L’idée est de trouver un marqueur biologique qui permette de prédire leur état de santé futur, ce que l’on appelle un biomarqueur pronostique. Les scientifiques ont fait état de résultats préliminaires, en examinant le volume des globules rouges, en mesurant les niveaux d’anticorps dirigés contre les molécules libérées par les cellules sanguines mortes et en évaluant la quantité d’ADN mitochondrial circulant dans le sang. Il existe même une trousse vendue en Inde qui prétend pouvoir déterminer le statut de risque des patients hospitalisés pour la COVID-19 en triant leurs cellules sanguines et en recherchant une signature.
Cependant, bon nombre de ces biomarqueurs n’en sont qu’aux premiers stades du processus de recherche. Il se peut qu’ils ne donnent pas de résultats concluants au bout du compte. Ils ont tendance à être associés de manière générale à la maladie dans son ensemble ou au décès, quelle qu’en soit la cause. En outre, on les a découverts en étudiant des groupes de personnes et en constatant qu’en moyenne, celles présentant ces marqueurs sont plus susceptibles de s’en sortir mal, mais ils peuvent ne pas être utiles comme prédicteurs pour un individu. Et, plus important encore pour nous, ils ne seront pas utiles si vous n’êtes pas déjà atteint de la maladie.
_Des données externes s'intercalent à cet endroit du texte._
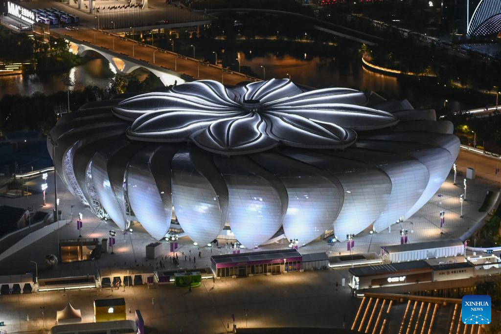 This aerial photo taken on Sept. 9, 2023 shows the Hangzhou Olympic Sports Center's Tennis Center in Hangzhou, east China's Zhejiang Province. (Xinhua/Huang Zongzhi)
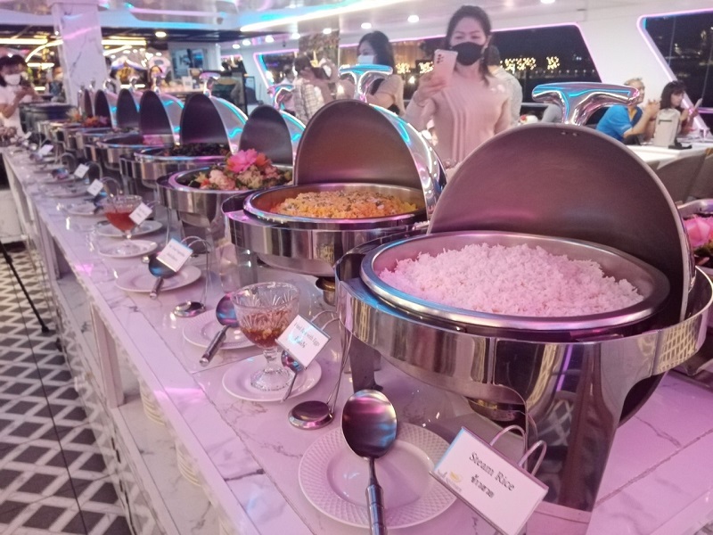 จุดนัดพบเพื่อลงเรือที่ท่าเรือของศูนย์การค้าไอคอนสยาม ย่านคลองสานศูนย์การค้าชื่อดังที่มีความพร้อมและความสวยงาม ที่จะทำให้นักท่องเที่ยวได้อิ่มเอมกับเทศกาลผลไม้โดยเฉพาะทุเรียนในยามนี้มีบุพเฟต์ทุเรียนให้ได้ลองลิ้มชิมกันกับทุกเรียนหลากหลายสายพันธุ์ทั่วประเทศ มาอยุ่ตรงนี้ ก่อนที่จะลงเรือสำราญ มีการตรวจวัดทุกคนก่อนขึ้นเรือ ช่วงหัวค่ำมีการแสดงน้ำพุดนตรีของทางศูนย์การค้าไอคอนสยาม แสดงให้ชมเป็นบุญตา แล้วมาเช็กบัตรที่นั่งบนเรือว่านั่งตรงจุดไหน พวกเราสั่งจองในโซน S1 ซึ่งอยู่ใกล้ที่ตั้งอาหารมากที่สุด ตรงหัวเรือจะเป็นเวทีการแสดงรำไทย และ มีดนตรีขับกล่อมตลอดเส้นทางเดินเรือสำราญคืนนี้
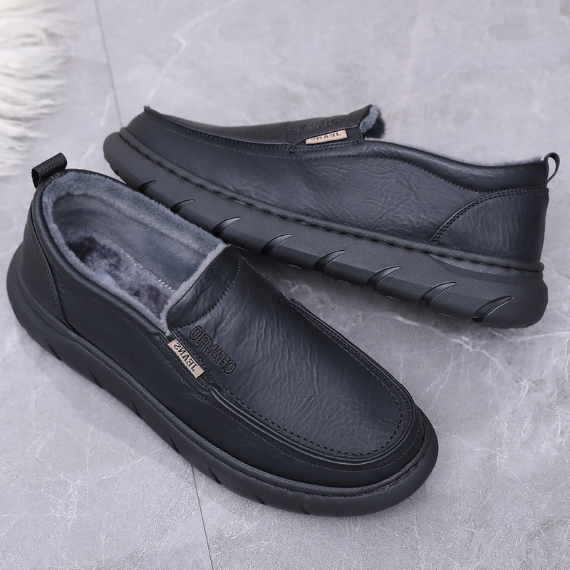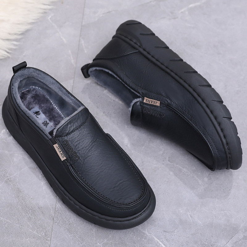 天森马男鞋2025新款冬季英伦风商务正装休闲皮鞋男款加绒保暖棉鞋W
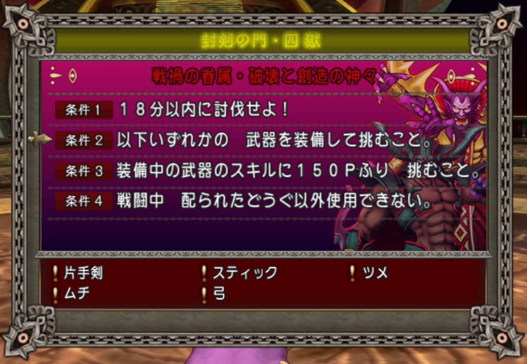 参加条件 : 片手剣・スティック・ツメ・ムチ・弓装備(武器スキル150P以上)
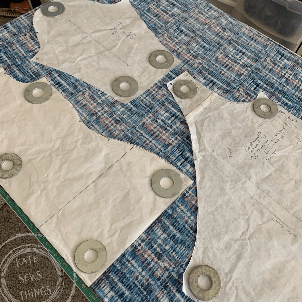 When I went to check my measurements to see what size I should use, going off my upper bust measurement of 34″, that put me into a size XS. I literally had the thought “well, no wonder the size 12 isn’t working there.” I used the Erica to trace yet another set of lines on my Dartmouth pattern pieces, both the front and the back. I left the 1″ removed from the length of the upper bust area and just traced right over that. The angle of the shoulders of the Erica was different, but compared better to my moulage shoulder angle than the Dartmouth did, which could have been part of the problem as well. On the back, the Erica has the shoulder out wider than the Dartmouth does, but at this point, I decided to trace and cut as is, which required adding some tissue paper to the shoulder area of the back.

Que pourrait-on donc mesurer pour évaluer notre protection contre la COVID-19 ? La réponse évidente est les anticorps. Lorsqu’elle doit affronter un infâme envahisseur comme un virus, une branche de notre système immunitaire produit des anticorps qui se lient spécialement au micro-organisme intrus, l’identifient et le neutralisent. En fait, la détection d’anticorps contre le coronavirus est le moyen par lequel les médecins peuvent savoir que vous avez déjà été infecté par ce virus. Il serait donc logique qu’un simple outil d’évaluation des risques examine notre sang : la présence d’anticorps anti-SRAS-CoV-2 signifierait une immunité ; leur absence indiquerait un danger. Si seulement c’était aussi facile.
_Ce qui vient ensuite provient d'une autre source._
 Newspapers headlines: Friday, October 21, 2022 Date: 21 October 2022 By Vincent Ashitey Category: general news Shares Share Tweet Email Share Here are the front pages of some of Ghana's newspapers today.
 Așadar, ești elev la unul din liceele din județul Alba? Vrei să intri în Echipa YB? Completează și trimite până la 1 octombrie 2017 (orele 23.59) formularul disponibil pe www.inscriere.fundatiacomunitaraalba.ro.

Immunisé contre les certitudes
Deux articles fantastiques parus dans The Atlantic, l’un de Katherine J. Wu et l’autre d’Ed Yong, résument le problème de cette logique superficielle : l’immunologie est l’endroit où l’intuition se cache pour mourir. La quantité d’anticorps anti-SRAS-CoV-2 circulant dans notre sang diminue effectivement, une constatation qui a donné lieu à des titres alarmants sur la « baisse de l’immunité », mais cela n’implique pas que notre protection s’affaiblit. Si nos cellules continuaient à sécréter des quantités massives d’anticorps après chaque infection pendant toute notre vie, notre sang deviendrait de la mélasse. Il reste moins d’anticorps après une infection, mais c’est parce qu’ils ne sont qu’une des nombreuses armes utilisées par notre système immunitaire pour combattre une invasion.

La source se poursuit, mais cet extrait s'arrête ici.